O objetivo deste projeto é modelar e conceber algoritmos para resolver problemas de Processamento de Linguagem Natural (PLN), ou seja, desenvolver soluções para a compreensão e geração de linguagem natural pelos computadores. O PLN é uma área da Inteligência Artificial que se concentra em fazer com que os computadores possam compreender e processar a linguagem humana de forma eficiente e precisa, com o intuito de analisar grandes quantidades de dados (que estão em formato texto) e extrair informações valiosas para a tomada de decisões em vários setores, como saúde, financeiro e comércio eletrônico e outros.
PLN (Processamento de Linguagem Natural) é uma área da Inteligência Artificial que se concentra em ensinar aos computadores a compreender e processar a linguagem humana de forma natural e eficiente. Basicamente, é a habilidade de fazer com que as máquinas entendam o que as pessoas estão dizendo ou escrevendo, e possam responder de forma adequada. É um campo em constante evolução e tem muitas aplicações práticas em áreas como assistentes virtuais, análise de sentimentos em mídias sociais e tradução automática. Em resumo, PLN é a ponte entre as pessoas e as máquinas, tornando a comunicação mais eficiente e natural.
EXEMPLOS DE APLICAÇÃO:
- Análise de sentimentos para Análise Descritiva: a análise de sentimentos pode ser usada para analisar as opiniões e comentários dos clientes sobre sua empresa e serviços, o que pode ajudar a melhorar a satisfação do cliente;
- Análise de sentimentos para resolver um problema maior de classificação ou tomada de decisão: As empresas podem analisar as avaliações e comentários dos clientes para prever a probabilidade de churn, ou seja, a possibilidade de um cliente cancelar ou mudar para uma concorrente.
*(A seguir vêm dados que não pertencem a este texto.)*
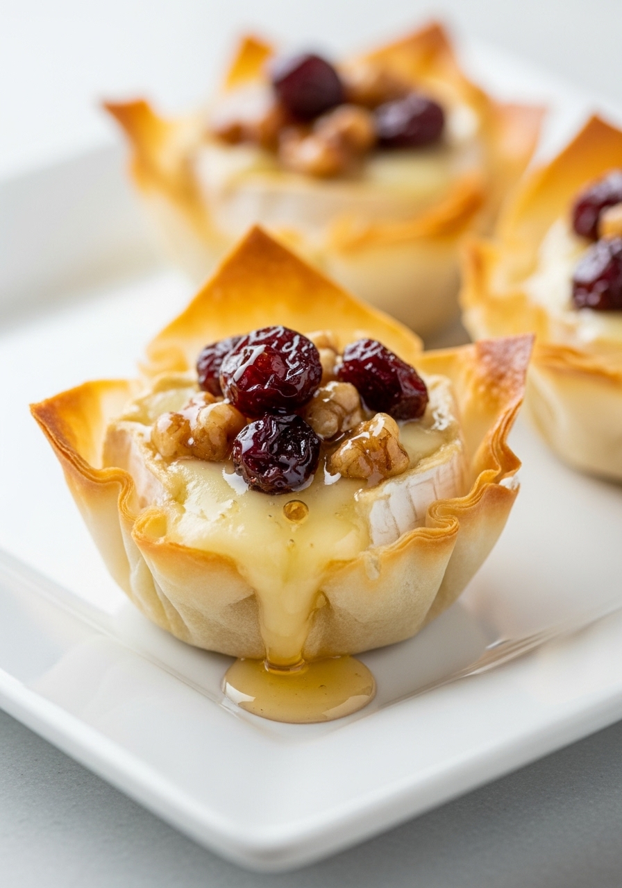 "These simple Baked Brie Phyllo Cups are made with just five ingredients and crowned with sweet craisins, crunchy walnuts, and a drizzle of honey. They make for a delightful, bite-sized treat that’s ideal for your festive gatherings!"
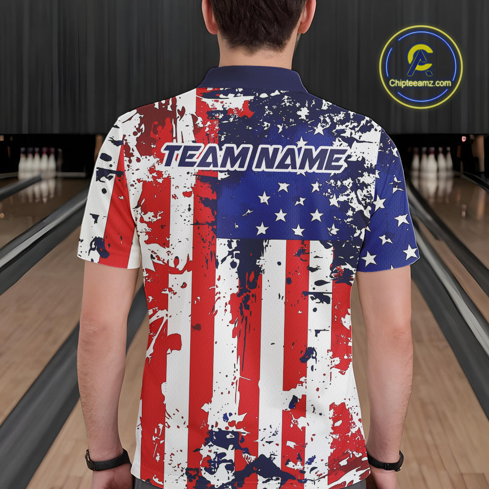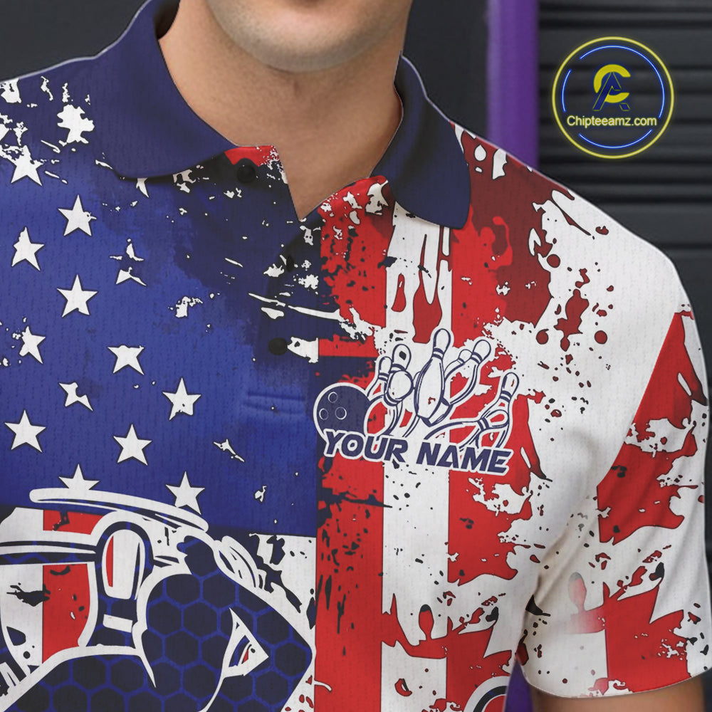 Custom Grunge US Flag Patriotic Bowling Polo Shirts For Men, US Bowling League Shirt IPHW9258

RECURSOS DE INFRAESTRUTURA OBRIGATÓRIOS:
- Linguagens: Python, node.js, html, css e javascript;
- Banco de dados: MySQL (relacional) e MongoDB (não relacional);
- Controle de versionamento: GitHub (obrigatório);
- IDE para desenvolvimento: Visual Code;
- Ferramenta para modelagem UML: Draw.io;
- Cloud: AWS, Google ou Azure;
- Conjunto de dados válidos contendo algum campo de entrada de linguagem natural, ou seja, textos provenientes de clientes, usuários etc;
- Base de dados com Label/Target da tarefa a ser alcançada. Ex. Churn/Não Churn, Positivo/Negativo/Neutro, Baixo Risco/Alto Risco etc;
- Informações sensíveis deverão ser anonimizadas antes de serem entregues aos alunos, nesta etapa o professor poderá auxiliar a empresa.